SSL ciphers, disable or not to disable RC4?

Jeffrey Walton noloader at gmail.com
Thu Jan 9 09:52:35 UTC 2014


On Thu, Jan 9, 2014 at 4:29 AM,  <Pekka.Panula at sofor.fi> wrote:
> Hi
>
> My current values in my nginx configuration for ssl_protocols/ciphers what i
> use is this:
>
> ssl_protocols      SSLv3 TLSv1 TLSv1.1 TLSv1.2;
> ssl_ciphers          RC4:HIGH:!aNULL:!MD5;
> ssl_prefer_server_ciphers   on;
>
> What are todays recommendations for ssl_ciphers option for supporting all
> current OSes and browsers, even Windows XP users with IE?
> Can i disable RC4?
>
The paper of interest is from AlFardan, Bernstein, et al: "On the
Security of RC4 in TLS and WPA"
(http://cr.yp.to/streamciphers/rc4biases-20130708.pdf‎). From the
paper:

    ... While the RC4 algorithm is known to have a
    variety of cryptographic weaknesses (see [26]
    for an excellent survey), it has not been previously
    explored how these weaknesses can be exploited
    in the context of TLS. Here we show that new and
    recently discovered biases in the RC4 keystream
    do create serious vulnerabilities in TLS when using
    RC4 as its encryption algorithm.

I don't believe there's a need for SSLv3 anymore either.
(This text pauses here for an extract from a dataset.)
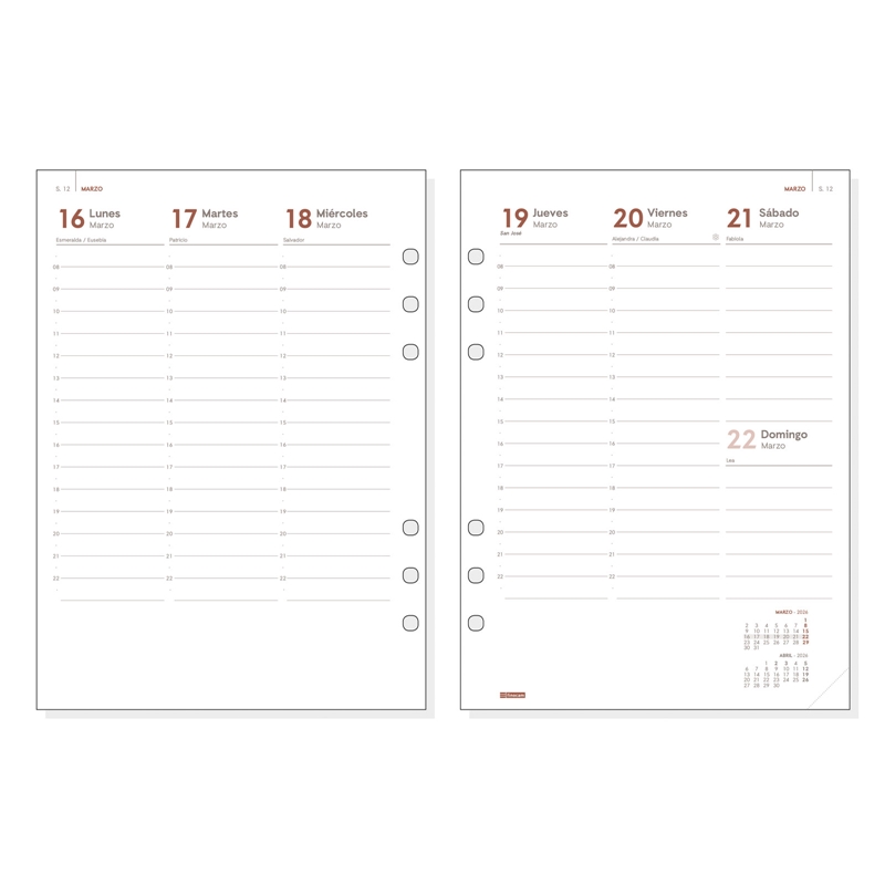 Recambio anual para agendas de anillas Finocam Open. La anualidad contiene la información útil relativa a: onomástica (excepto ed. portuguesa), festivos nacionales, cambios de estación e inicios de los años nuevos chino, musulmán, ortodoxo y hebreo. El recambio incluye plan anual despleglable y meses complementarios extra. Duración: Enero 2026 – Diciembre 2026 (12 meses). Interior: Semana Vista Vertical. Visión de la semana completa en vertical. Con información de los festivos de España. Plan anual desplegable, planificación anual fija, horario, calendarios, anualidad y 6 meses complementarios Quincena a la vista. Idioma del artículo: español. Formato: 1000 – 155×215 mm. Papel. 80 g/m². Papel FSC®.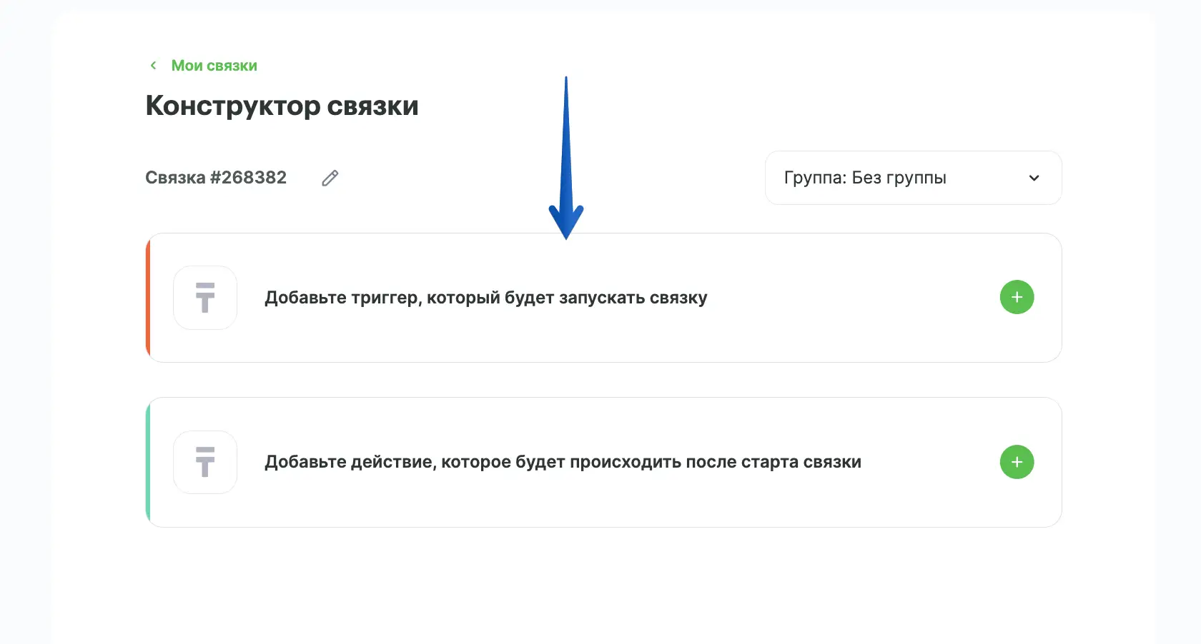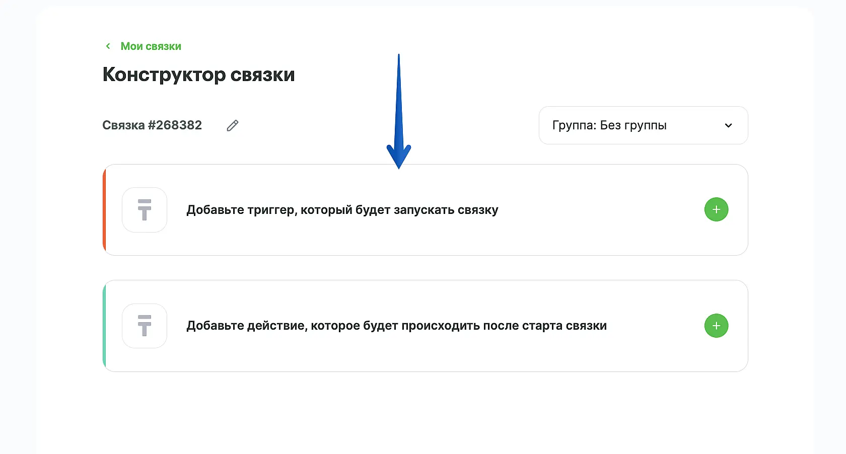 В конструкторе связок нажмите кнопку "Добавьте триггер, который будет запускать связку".

TLSv1.0 is
pretty much ubiquitous, and its at nearly 100% for modern browser,
clients and servers.
https://en.wikipedia.org/wiki/Transport_Layer_Security#Applications_and_adoption.

You also migth want to include "!eNULL:!ADH:!ECADH:!MEDIUM:!LOW:!EXP'.
eNULL is great for performance, but it has a few problems for privacy.